··· EXTRACTED RECORDS

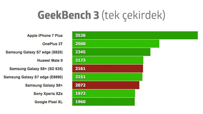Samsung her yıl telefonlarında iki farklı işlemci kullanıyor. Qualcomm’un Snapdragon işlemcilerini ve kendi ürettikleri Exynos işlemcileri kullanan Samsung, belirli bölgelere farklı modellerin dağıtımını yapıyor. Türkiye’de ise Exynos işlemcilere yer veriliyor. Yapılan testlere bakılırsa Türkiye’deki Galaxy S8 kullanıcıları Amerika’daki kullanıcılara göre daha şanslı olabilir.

······
··· EXTRACTED RECORDS

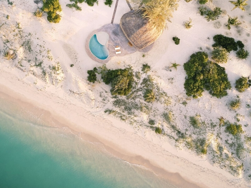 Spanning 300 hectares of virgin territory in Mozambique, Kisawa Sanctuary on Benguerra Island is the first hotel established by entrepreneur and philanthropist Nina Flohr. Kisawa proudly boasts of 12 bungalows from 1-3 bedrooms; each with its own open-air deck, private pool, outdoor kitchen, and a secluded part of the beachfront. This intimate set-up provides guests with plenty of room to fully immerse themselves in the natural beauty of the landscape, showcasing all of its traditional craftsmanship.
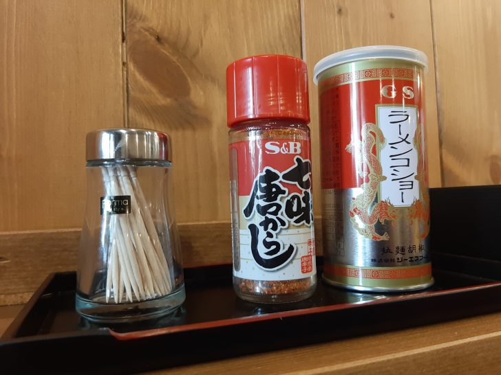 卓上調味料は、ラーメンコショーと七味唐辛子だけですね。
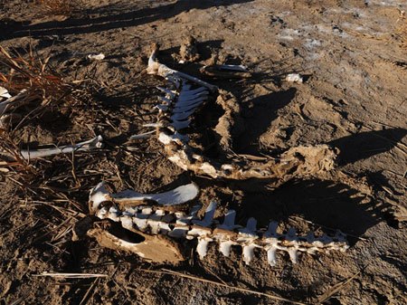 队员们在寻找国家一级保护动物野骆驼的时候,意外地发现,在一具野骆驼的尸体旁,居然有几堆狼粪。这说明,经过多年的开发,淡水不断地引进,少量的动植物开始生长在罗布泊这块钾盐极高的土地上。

······

> _YOUR ASSIGNMENT_
Which part of the entries opens with the line containing "Spanning 300 hectares" and closes with the line containing "卓上調味料は、ラーメンコショーと七味唐辛子だけですね。"? Output that part exactly, ends included, pictures excluded.

> _TASK RESULT_
 Spanning 300 hectares of virgin territory in Mozambique, Kisawa Sanctuary on Benguerra Island is the first hotel established by entrepreneur and philanthropist Nina Flohr. Kisawa proudly boasts of 12 bungalows from 1-3 bedrooms; each with its own open-air deck, private pool, outdoor kitchen, and a secluded part of the beachfront. This intimate set-up provides guests with plenty of room to fully immerse themselves in the natural beauty of the landscape, showcasing all of its traditional craftsmanship.
 卓上調味料は、ラーメンコショーと七味唐辛子だけですね。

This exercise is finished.